The bitter fate, of course, first of all affected Archbishop Eutyches of Constantinople. He did not recognize the edict as Orthodox, since he found that, in coming out of it, he must recognize the suffering and death of Christ as illusory. On January 22, 565, Eutyches was arrested for his resistance and almost killed. Then the emperor sent him into exile. It is reported that after this a council was held in Constantinople to condemn Eutyches, in order to give this sentence ecclesiastical sanction. Information about him is found in the biographical records of his disciple Eustratius. The accusations brought against Eutyches were of the most petty and even somewhat comical nature. The most important of these was that Eutyches ate game, which was considered at that time to be a purely sybaritic delicacy (some monastic orders in the West, among other things, differed in that they permitted the eating of game on the grounds that in the rule of Benedict of Nursia it was forbidden to eat the flesh of quadrupeds only); another accusation was that Eutyches prayed to God for a long time on his knees (οτι συκοτόκυλα όρνιθίων εφαγεν, καί ότι πολλάς ώρας γονυκλισίας ποιων ηυχετο). After the council, an embassy was sent to Eutyches from his own clerics. Eutyches asked them directly: "To whom are you sent?" "To the Lord Patriarch, Bishop of Constantinople," they answered. "You are right; although I am in such a position, I still remain a patriarch, and you believe so." After this he by his own authority gave them over to excommunication.
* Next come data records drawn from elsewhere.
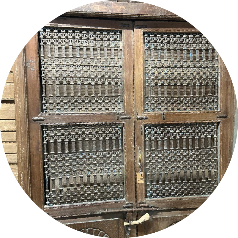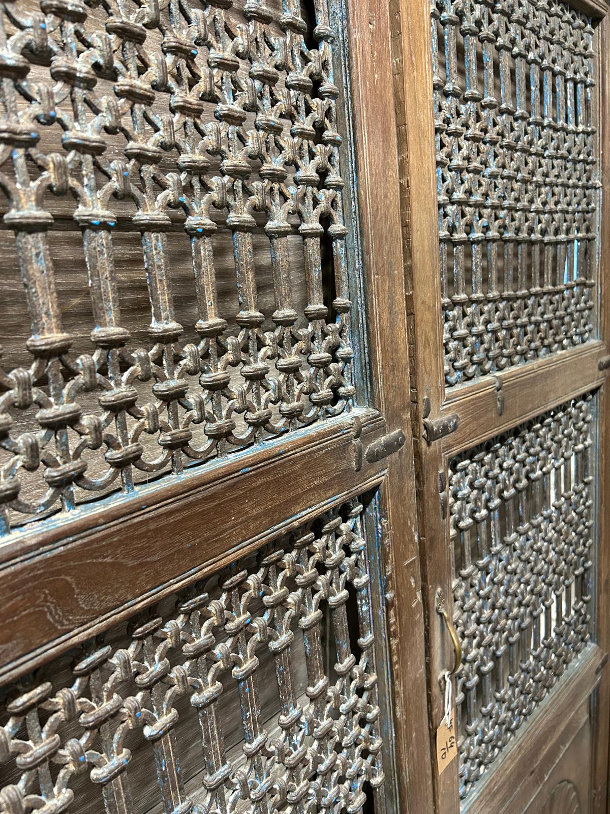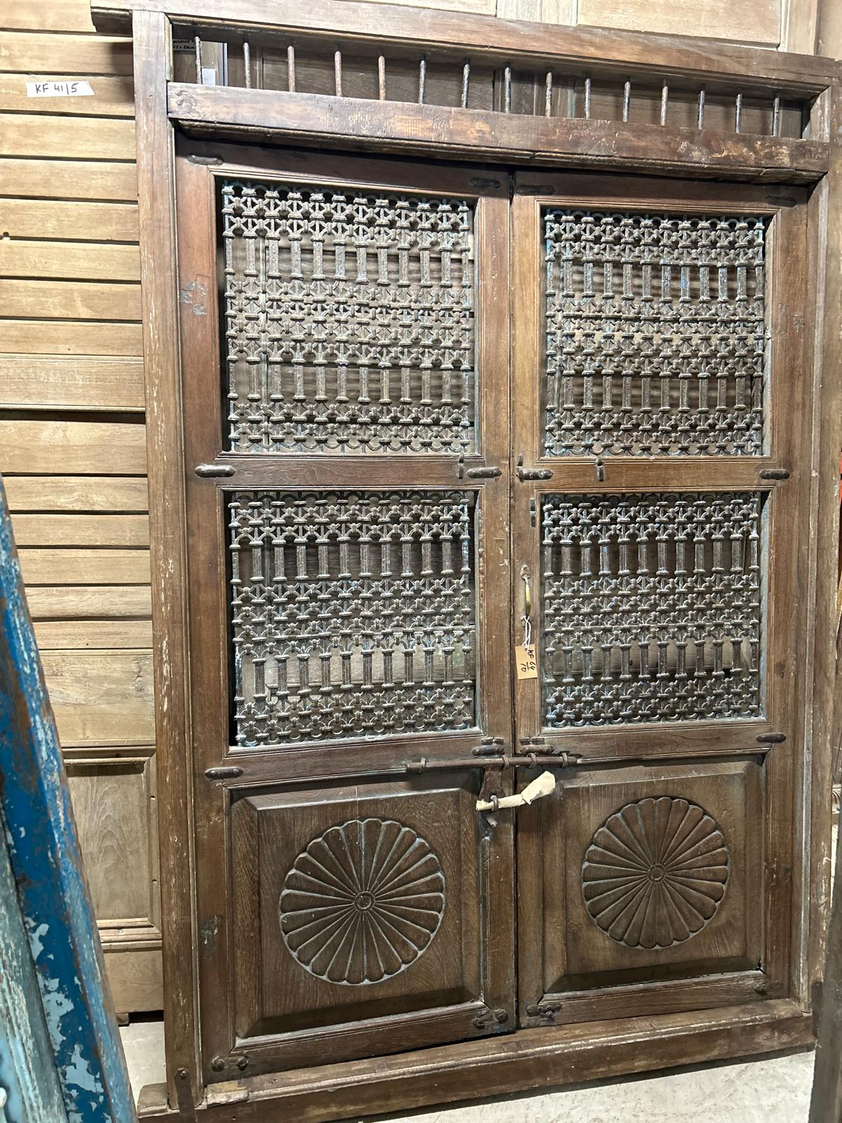 Porte double marron moucharabieh en teck du RajasthanDimensions: Extérieur: 133cm x 8cm x 197cm Intérieur: 121cm x 167cm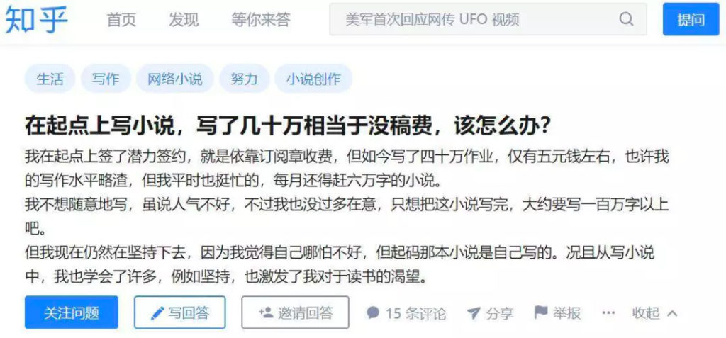 △ 知乎上许多作家作者的收入还达不到翻译的水平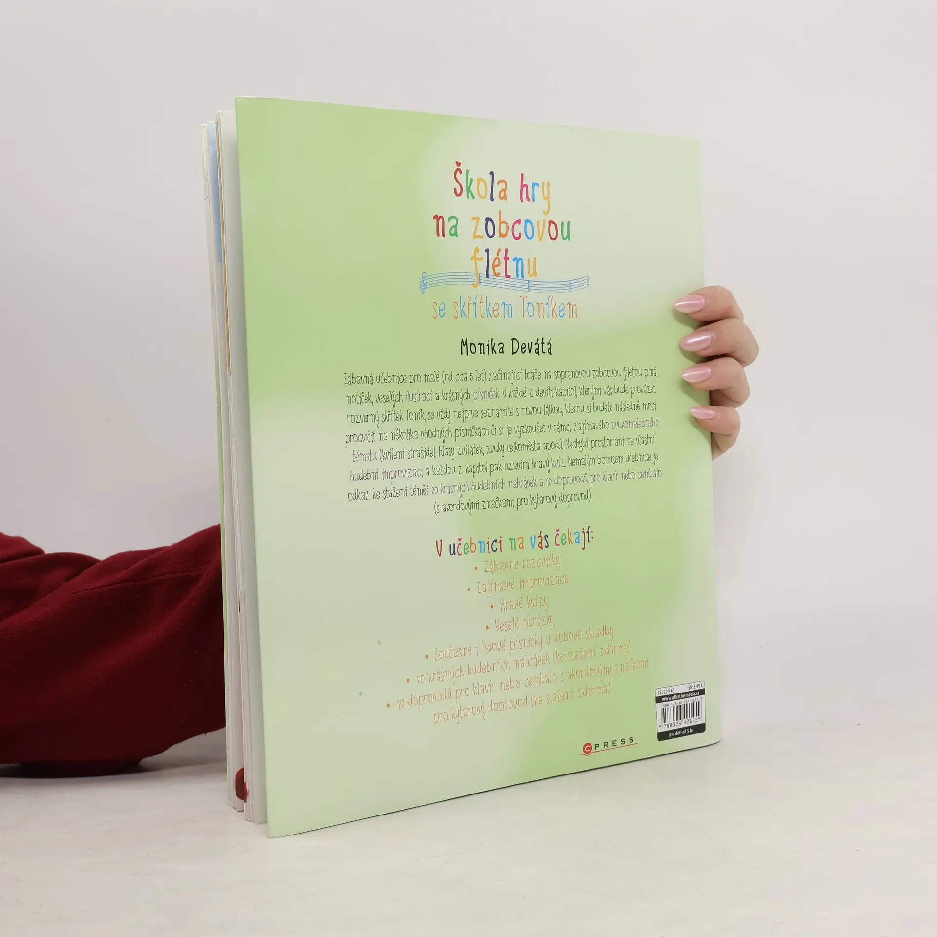 Rozsah a obsah: Se skřítkem Toníkem je hra na flétnu opravdová zábava! Zábavná učebnice pro malé začínající flétnisty (od cca 5 let) plná notiček, veselých ilustrací a krásných písniček. V každé z devíti kapitol, kterými vás bude provázet rozverný hudební skřítek Toník, se vždy nejprve seznámíte s novou látkou, kterou si budete moci procvičit na písničkách v rámci zajímavého zvukomalebného tématu. Nechybí prostor ani na vlastní hudební improvizaci a každou z kapitol pak uzavírá hravý kvíz. Nemalým bonusem učebnice je odkaz ke stažení téměř 20 doprovodných hudebních nahrávek.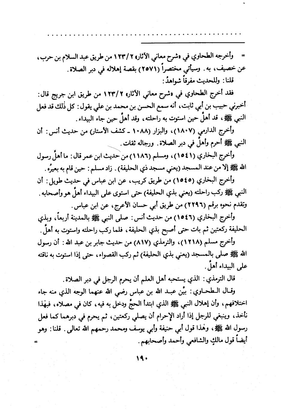 وقال الطحاوي: بين عبد الله بن عباس رضي الله عنهما الوجه الذي منه جاء اختلافهم، وأن إهلال النبي صَلَّى اللهُ عَلَيْهِ وَسَلَّمَ الذي ابتدأ الحج ودخل به فيه، كان في مصلاه، فبهذا نأخذ، وينبغي للرجل إذا أراد الإحرام أن يصلي ركعتين، ثم يحرم في دبرهما كما فعل رسول الله صَلَّى اللهُ عَلَيْهِ وَسَلَّمَ، وهذا قول أبي حنيفة وأبي يوسف ومحمد رحمهم الله تعالى. قلنا: وهو أيضاً قول مالكٍ والشافعي وأحمد وأصحابهم. =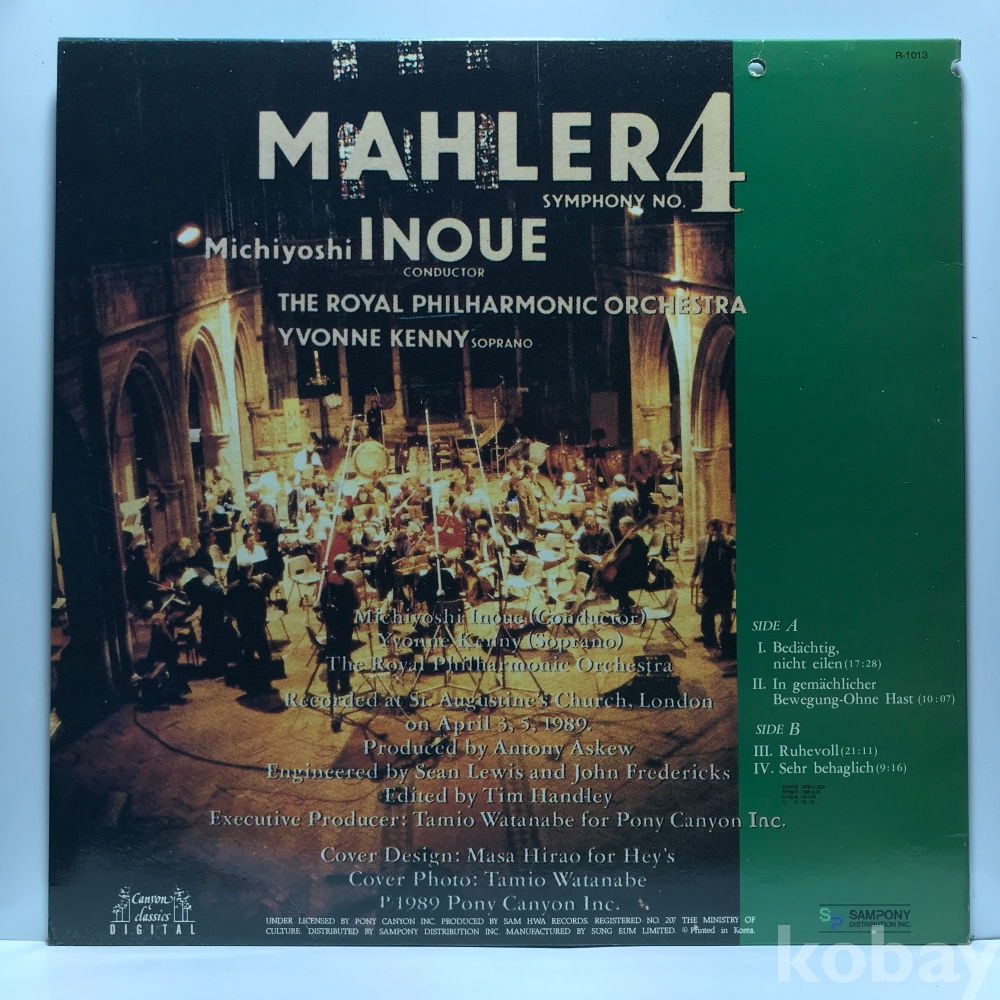 LP 81,350-36 Michiyoshi Inoue - MAHLER Symphony No. 4 _ 자켓 EX+ 알판 NM 90 년 국내반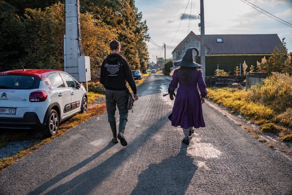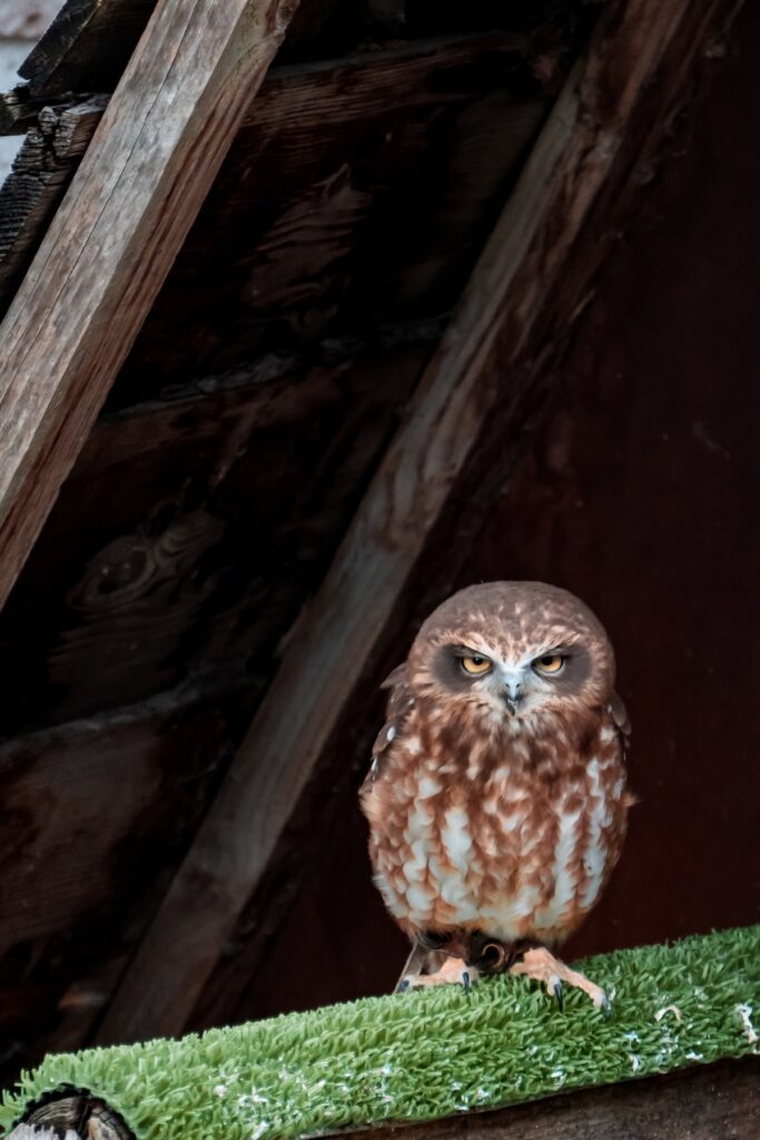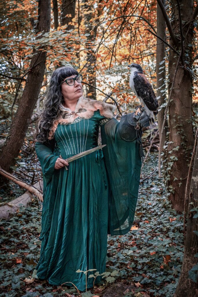 Samedi dernier, nous nous sommes donc rendus à Lessines avec deux gros sacs pleins de costumes et d’accessoires dans le coffre d’une Cambio prémonitoirement couverte de fientes de pigeon. Nous sommes arrivés bien en avance par rapport à l’heure convenue, mais Cédric nous a très gentiment laissés entrer et commencer à nous installer. Nous avons convenu ensemble des oiseaux que Chouchou et moi souhaitions utiliser, puis Cédric nous a fait faire un tour du propriétaire en nous montrant les endroits les plus photogéniques que ses visiteurs choisissent d’utiliser comme cadre pour leurs photos. Enfin, il m’a donné accès à une petite pièce où je pouvais me changer, et fourni le gant de fauconnerie indispensable pour ne pas me faire labourer la main par certains rapaces.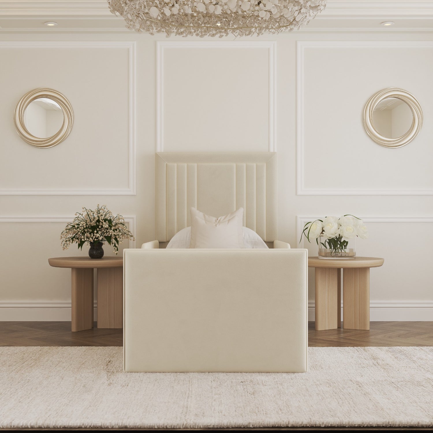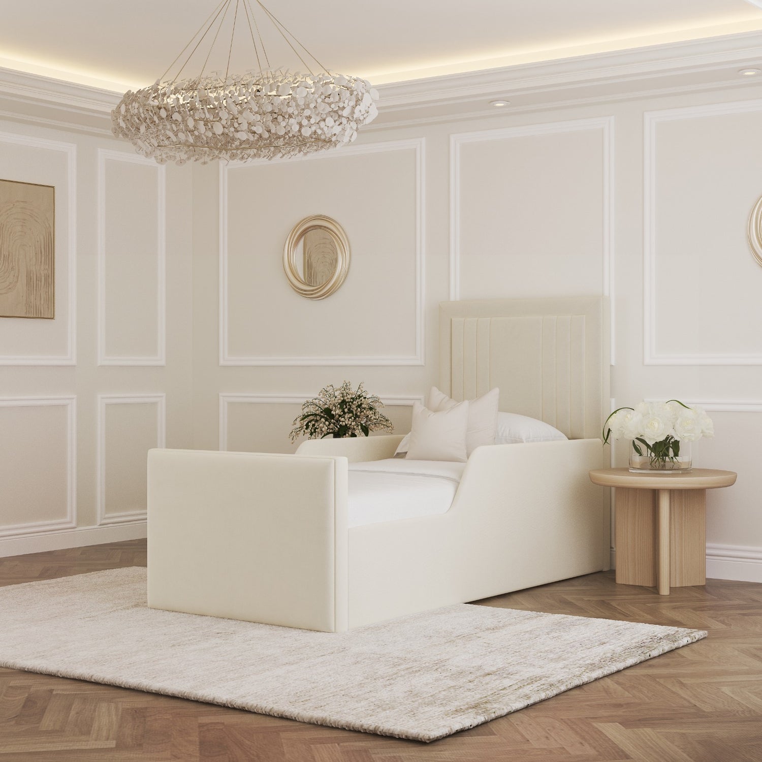 Create a peaceful haven for your little one with the Snugsy Kids Upholstered Bed – a minimalist masterpiece in soft cream velvet-style fabric. Designed with a streamlined vertical-panel headboard, this bed combines subtle design with functional comfort.

In his place was placed John Scholasticus († August 31, 577). It is difficult to say how John Scholasticus maneuvered, refusing to sign the edict and at the same time preserving the favor of the emperor. Other bishops also refused to sign the edict of the emperor, motivating their indecision by the fact that they wanted to know the opinion of other patriarchs on this dogmatic issue. Anastasius of Antioch spoke out with all resoluteness against the edict and, expecting exile for this, wrote a farewell sermon to his flock; but Justinian died before this new measure (November 14, 565).